The sidebar panel of the web server is equipped with a histogram plot that displays the frequency of the compounds. The users can select the descriptor from the sidebar panel and view the result as a histogram with the selection option for bins (Supplementary Figure 2).

Extracting the cansmi (smiles) column: filtered data

Section 3 is linked to Section 1, which specifically retrieves a single column upon selection. Once the data is filtered (Section 1), the cansmiName column is selected in Section 1. The selected column with the filtered data will be displayed in Section 3. Here, the display corresponds to the selected tab. The results (filtered data) can be downloaded in the .csv and .sdf formats. The .sdf files can be used to generate the 3D structures (Supplementary Figure 3).

Visualizing the 2D structures

The sidebar panel of the server is embedded with JSME Molecular Editor (Supplementary Figure 2) (36), which facilitates the visualization of the structure of the compounds. The 2D structures can be viewed by giving the SMILES (cansmi, which are the Canonical SMILES) as an input at the Molecular Editor by clicking the downward arrow, selecting the Paste Mol or SDF or SMILES and clicking Accept. The 2D structure appears on the editor (Supplementary Figure 4). The editor also has other parameters through which the compound’s appearance can be changed. Additionally, the users can copy and save the compound in several formats. The modification of the molecules is supported by JSME by clicking the FG (36) (Supplementary Figure 5).

Discussion and conclusion

In order to discover new drugs with therapeutic ability, the CADD process plays a very effective role. In contrast, traditional drug discovery methods are time- and money-consuming processes (2).
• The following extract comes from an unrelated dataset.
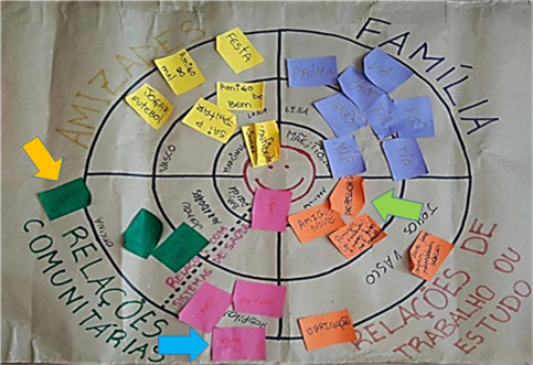 A residente de pedagogia apresenta a proposta adaptada do modelo GAM e constrói, com o grupo de jovens participantes das rodas de conversa, o mapa dos “círculos em rede” (Figura 3): no centro a pessoa se coloca e deve pensar nos componentes que a rodeiam: amizade, família, comunidade, sistemas de saúde e trabalho ou estudo, imaginando a proximidade e distanciamento dos elementos (quanto mais próximo de si, mais próximo do centro, e vice-versa):

The term CADD includes saving the compounds, organizing and evaluating them and further modelling the compounds (2). The efficiency of CADD can be evidently seen during the recent pandemic times, when there was an urgency to identify the potential candidate compounds (37–39). Earlier, our group had computationally designed butein analogues that demonstrated anticancer activity (40). Furthermore, these compounds have shown in silico antibacterial activity (41). In another study, computational design of PARP inhibitors was performed against SARS-CoV-2 (42).

Virtual screening is an important step in retrieving the best molecule against a given target (43, 44). The screening process may proceed via SBDD and/or LBDD (43). In either methods, the main purpose is to discover a highly potent putative compound against a target (44, 45). The molecular docking is also included in the virtual screening step. Molecular docking primarily imparts knowledge on the binding mode of the ligand at the active site of the protein (46).The small molecules can be prepared using Gypsum-DL for structure-based virtual screening (47).

Accordingly, in the present study, we have built a web server called the CBPDdb, consisting of derivatives of compounds from coumarin, benzothiazole and pyrazole curated from different literature sources. These compounds have displayed biological activities such as anticancer, antifungal, antiviral, etc. We believe that these compounds will be useful for the CADD researchers to work with the compounds for using them against several diseases. This web server is equipped with JSME, a 2D sketcher that enables the users to visualize the 2D structures of the compounds. Furthermore, the compounds can be selected based on filter parameters to facilitate the user’s choice of compounds.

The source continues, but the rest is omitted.